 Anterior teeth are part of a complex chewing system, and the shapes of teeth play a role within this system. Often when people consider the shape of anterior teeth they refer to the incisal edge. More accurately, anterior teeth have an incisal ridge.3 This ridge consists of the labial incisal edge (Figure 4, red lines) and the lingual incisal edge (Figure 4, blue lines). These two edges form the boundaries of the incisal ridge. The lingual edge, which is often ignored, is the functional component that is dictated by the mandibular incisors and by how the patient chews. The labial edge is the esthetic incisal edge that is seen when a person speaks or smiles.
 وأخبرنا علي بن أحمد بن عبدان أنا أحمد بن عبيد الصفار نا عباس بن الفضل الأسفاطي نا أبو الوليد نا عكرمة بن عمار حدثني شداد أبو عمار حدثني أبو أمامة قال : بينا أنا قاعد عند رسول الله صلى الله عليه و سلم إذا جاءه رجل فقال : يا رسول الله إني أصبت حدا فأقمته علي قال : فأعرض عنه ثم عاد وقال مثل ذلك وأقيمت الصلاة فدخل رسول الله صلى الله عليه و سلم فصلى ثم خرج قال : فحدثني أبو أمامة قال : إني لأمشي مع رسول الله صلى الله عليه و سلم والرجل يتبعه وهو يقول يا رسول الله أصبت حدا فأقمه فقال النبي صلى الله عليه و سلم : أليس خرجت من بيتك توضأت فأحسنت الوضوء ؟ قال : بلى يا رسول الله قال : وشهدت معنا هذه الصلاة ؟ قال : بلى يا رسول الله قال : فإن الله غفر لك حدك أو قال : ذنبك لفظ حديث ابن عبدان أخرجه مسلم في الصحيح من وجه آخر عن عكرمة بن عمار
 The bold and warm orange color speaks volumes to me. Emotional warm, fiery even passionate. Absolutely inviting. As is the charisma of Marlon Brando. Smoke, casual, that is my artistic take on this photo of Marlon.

● ● ● ● ●

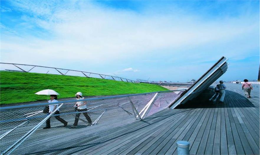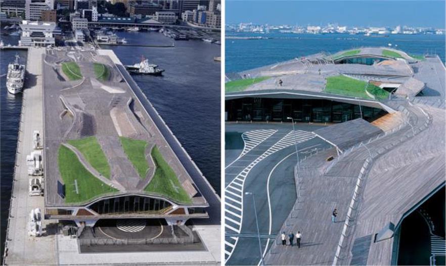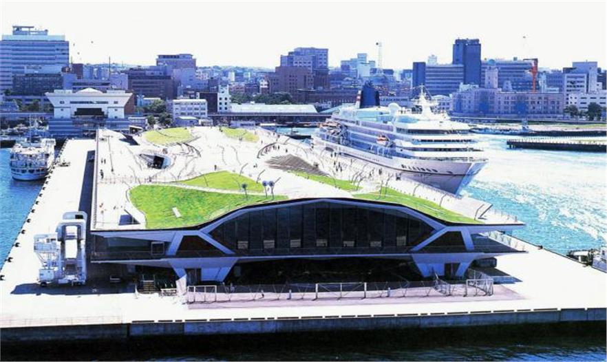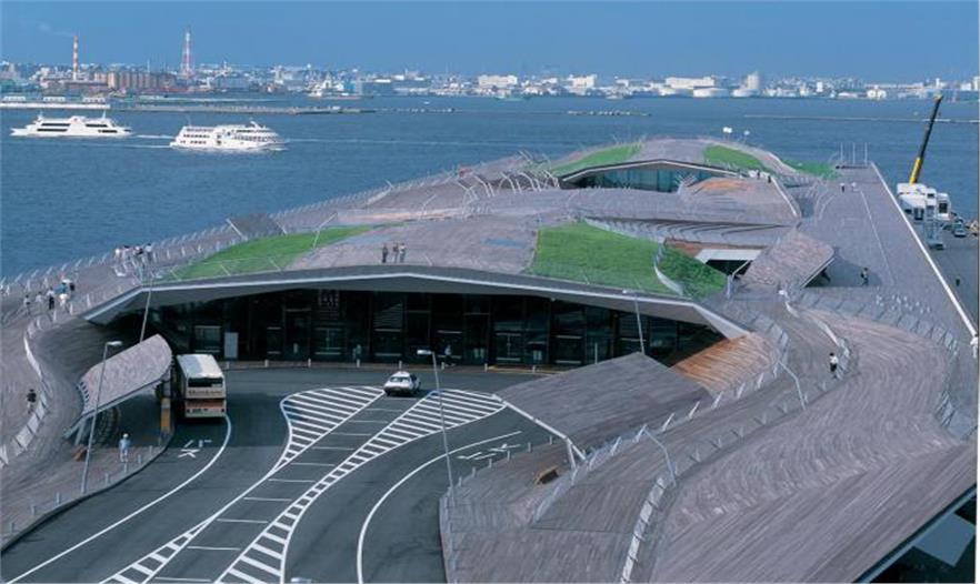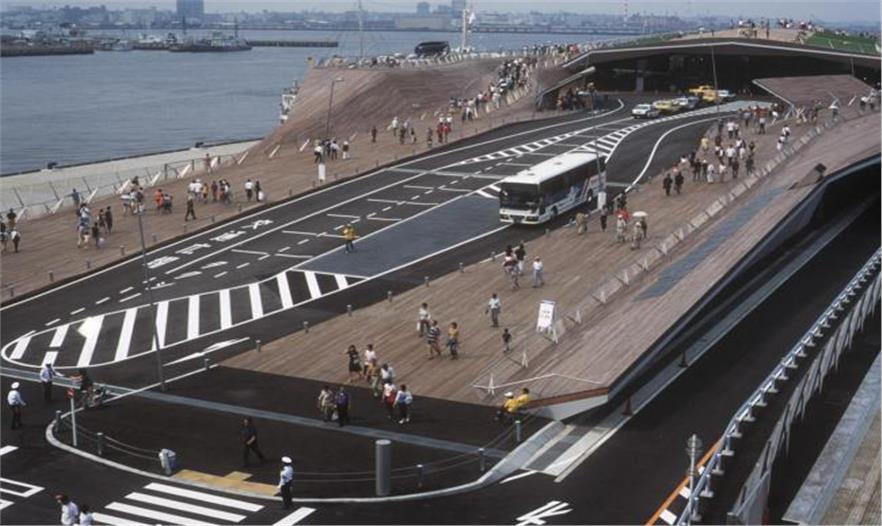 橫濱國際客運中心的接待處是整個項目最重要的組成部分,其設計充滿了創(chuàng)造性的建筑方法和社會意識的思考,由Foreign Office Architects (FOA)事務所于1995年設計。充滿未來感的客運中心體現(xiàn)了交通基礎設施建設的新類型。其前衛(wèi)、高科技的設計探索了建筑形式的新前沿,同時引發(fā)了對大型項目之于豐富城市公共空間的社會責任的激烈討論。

● ● ● ● ●

● **Requirement**: Please, from the entries above, set down exactly the lines from the one containing "وأخبرنا علي بن" through the one containing "The bold and", and only those.

● **Reply to the exercise**:
 وأخبرنا علي بن أحمد بن عبدان أنا أحمد بن عبيد الصفار نا عباس بن الفضل الأسفاطي نا أبو الوليد نا عكرمة بن عمار حدثني شداد أبو عمار حدثني أبو أمامة قال : بينا أنا قاعد عند رسول الله صلى الله عليه و سلم إذا جاءه رجل فقال : يا رسول الله إني أصبت حدا فأقمته علي قال : فأعرض عنه ثم عاد وقال مثل ذلك وأقيمت الصلاة فدخل رسول الله صلى الله عليه و سلم فصلى ثم خرج قال : فحدثني أبو أمامة قال : إني لأمشي مع رسول الله صلى الله عليه و سلم والرجل يتبعه وهو يقول يا رسول الله أصبت حدا فأقمه فقال النبي صلى الله عليه و سلم : أليس خرجت من بيتك توضأت فأحسنت الوضوء ؟ قال : بلى يا رسول الله قال : وشهدت معنا هذه الصلاة ؟ قال : بلى يا رسول الله قال : فإن الله غفر لك حدك أو قال : ذنبك لفظ حديث ابن عبدان أخرجه مسلم في الصحيح من وجه آخر عن عكرمة بن عمار
 The bold and warm orange color speaks volumes to me. Emotional warm, fiery even passionate. Absolutely inviting. As is the charisma of Marlon Brando. Smoke, casual, that is my artistic take on this photo of Marlon.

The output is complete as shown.